To end, let’s return to those boyhood homes of Paul McCartney and John Lennon. They really were places of creativity. Yet what happens to those homes when no one remembers screaming to I Want to Hold Your Hand? Sir Paul turned 80 on June 18th this year. Many of his fans have passed that milestone as well.

Liverpool England in the 1950s was near one of the largest U.S. bases in the world, and the American influence on the area was enormous. U.S. soldiers at Burtonwood looked — among other pleasures — for music that sounded like home. Four musicians from the city were more than happy to oblige.

While the rest of England was stuck in the vaudeville era, Liverpudlians had a special advantage with access to American records — especially from African American artists — and a big financial incentive to master that music. The first song that the Beatles recorded was a Buddy Holly cover.

Yes, the Beatles made new music in their time and place. Their boyhood homes can continue to inspire that type of creativity in the future, if we don’t preserve them in amber. The British National Trust is taking just the right approach, having recently hosted an event for current musicians to play music inspired by Lennon and McCartney in the living room of Paul’s boyhood home. These places were not only significant in the 1950s and 60s, but they remain so now. We can still see these homes as places of creativity.

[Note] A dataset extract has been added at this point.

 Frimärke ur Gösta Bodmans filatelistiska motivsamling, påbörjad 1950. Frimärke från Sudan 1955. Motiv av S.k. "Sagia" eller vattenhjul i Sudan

‘I have spent all my life trying to say thank you to the Beatles, who made succeeding generations believe that, yes, you can achieve your dreams. There were no trappings, no luxury in the young McCartneys’ home, in Forthlin Road. But there was music, and inspiration. They were saying…if we can make our dreams come true … so can you.’

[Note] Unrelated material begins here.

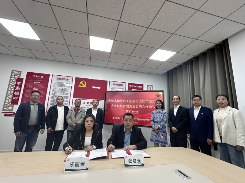 9月30日,我院乳制品精深加工团队(以下简称 “团队”)通过其成果转化企业—安牧吉(黑龙江)食品有限公司(以下简称 “安牧吉”),与大庆市绝对值农业科技有限责任公司(以下简称“绝对值”)正式签署合作协议。大庆市高新区创业中心主任周宇峰、营商局副局长李加强、U8国际经理张丽媛及团队成员代表参会。双方围绕冰淇淋、冷冻甜品等食品深加工领域开展全面合作,共同推动产品创新与产业升级。
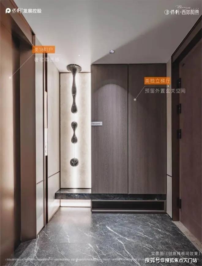 该户型 类1梯1户设计,拥有类独立梯厅,给足了业主归家仪式感和尊崇感,同时拥有一个尺度阔绰的入户门厅作为自己家的延伸!

Annie Nightingale CBE, from the National Trust article on the Forthlin Sessions

If we follow a conservation approach that allows what is living to stay alive and true to the place, McCartney’s genius will live on not only in his music but in his boyhood home.

More to come…

DJB

Image of Paul McCartney and inset of his boyhood home (credit National Trust for England, Wales, and Northern Ireland).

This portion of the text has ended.